What drives most of Micron’s earnings volatility is pricing. Industry-wide shortages and big demand led both DRAM (dynamic random access memory) and NAND (short for “not and”) pricing to soar. Micron earnings followed. Pricing on both fronts declined, and so did profits.

The long-term case for Micron’s unit demand is based on the broader tailwinds benefiting other semiconductor stocks and other tech names. Pricing, however, is a bit of a different story. That depends not just on demand, but on supply. Memory manufacturers (including Micron) too often have built capacity to capture high pricing, leading to oversupply, plunging prices, and falling profits.

This time, the industry (which is mostly Micron, Samsung, and SK Hynix on the DRAM side) swears it will be different. Micron already is lowering its capacity investments significantly in both NAND and DRAM in fiscal 2020, per the Q4 conference call. That should keep inventories low and pricing stable-to-positive, allowing fiscal 2021 earnings to bounce back after a trough year in FY20.

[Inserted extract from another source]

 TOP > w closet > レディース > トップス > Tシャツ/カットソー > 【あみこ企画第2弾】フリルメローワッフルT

But rivals need to cooperate as well, and historically that hasn’t been the case. Going forward, China’s Changxin Memory is on track to become that country’s first legitimate DRAM producer, and that could add supply at an inopportune time.

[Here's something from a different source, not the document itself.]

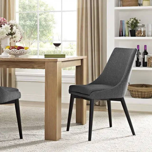 Energize your decor with the sleek Viscount Side Chair. Designed with a minimalist chic form and progressive feel, Viscount comes densely padded in foam, finely upholstered in polyester fabric, and supported by tapered wood legs coated black. From the sheer force of the design to the exceptional versatility of the uses, Viscount is perfect for modern contemporary decors seeking a bold chair that makes a statement.
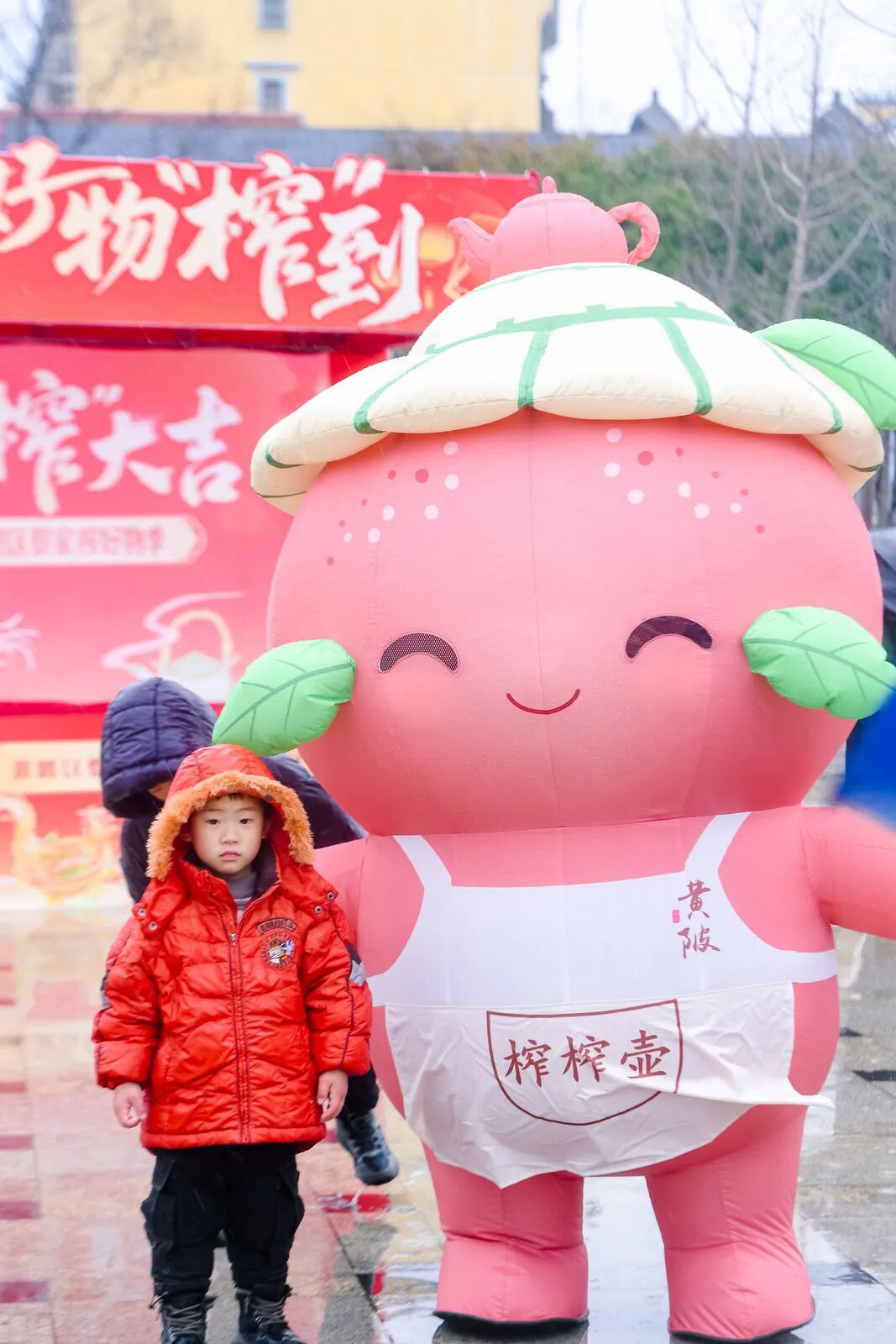 ◦ 小朋友在活动现场与榨榨壶合影。

Meanwhile, Micron itself still seems cautious. The company accelerated its cut in NAND capacity. Management noted that inventories remain somewhat high. The outlook on that side of the business likely drove some of the post-earnings weakness in Micron stock. And MU stock wasn’t the only name to stumble after earnings: NAND rival Western Digital (NASDAQ:WDC) saw its stock plunge late last month.

There’s some evidence to suggest that a bottom might take longer than bulls think at the moment. And that could be a near-term problem for Micron stock.

The Near- to Mid-Term Worry for MU Stock

In theory, cyclical stocks should see their trading somewhat smoothed by the market. At peak earnings, multiples come down. At the trough, those multiples expand.

In practice, it doesn’t work out that way. Investors get too optimistic near the top, which is what happened with Micron stock in the first half of 2018. They get too pessimistic at the bottom, as appears to have been the case both late last year and in May-June of 2019.

But usually, cyclical names start to make their move a few quarters before the underlying earnings trend shifts. That’s what happened to MU stock last spring. It’s what happened to Caterpillar (NYSE:CAT), a classic cyclical stock, at the top in 2012 and ahead of the bottom put in 2016.

In recent months, Micron stock has rallied, suggesting that investors are forecasting a recovery next calendar year. But of late, that optimism is cracking. MU stock’s technical picture doesn’t look all that bullish. That of WDC is even worse.

Meanwhile, memory names have rallied while the rest of the sector is soaring. Advanced Micro Devices (NASDAQ:AMD) and Nvidia (NASDAQ:NVDA) both have broken out while Micron stock has struggled. At least at the moment, the market seems bullish on the long-term catalysts for chip demand. But it doesn’t seem to believe those catalysts are making their way to memory prices any time soon.

On the Sidelines

Admittedly, that could be an opportunity, with MU and WDC joining the rally at some point. But from another perspective, it’s a problem. Again, pricing is key for memory stocks, Micron in particular. There’s just not much evidence from Micron itself or the market that pricing is coming back as quickly as the MU stock price suggests it will.

Simply put, that’s a problem. It doesn’t mean Micron stock is a short, or even a bad investment at $45. But it does mean that Micron stock could get cheaper, quickly, in the coming months, and that long-term investors at the least might consider waiting for a better entry point. The rally in Micron stock of late has come because many investors believe a rebound is imminent. If those investors are wrong, they may reconsider their thesis — which would lead to a wave of selling in Micron stock.

As of this writing, Vince Martin has no positions in any securities mentioned.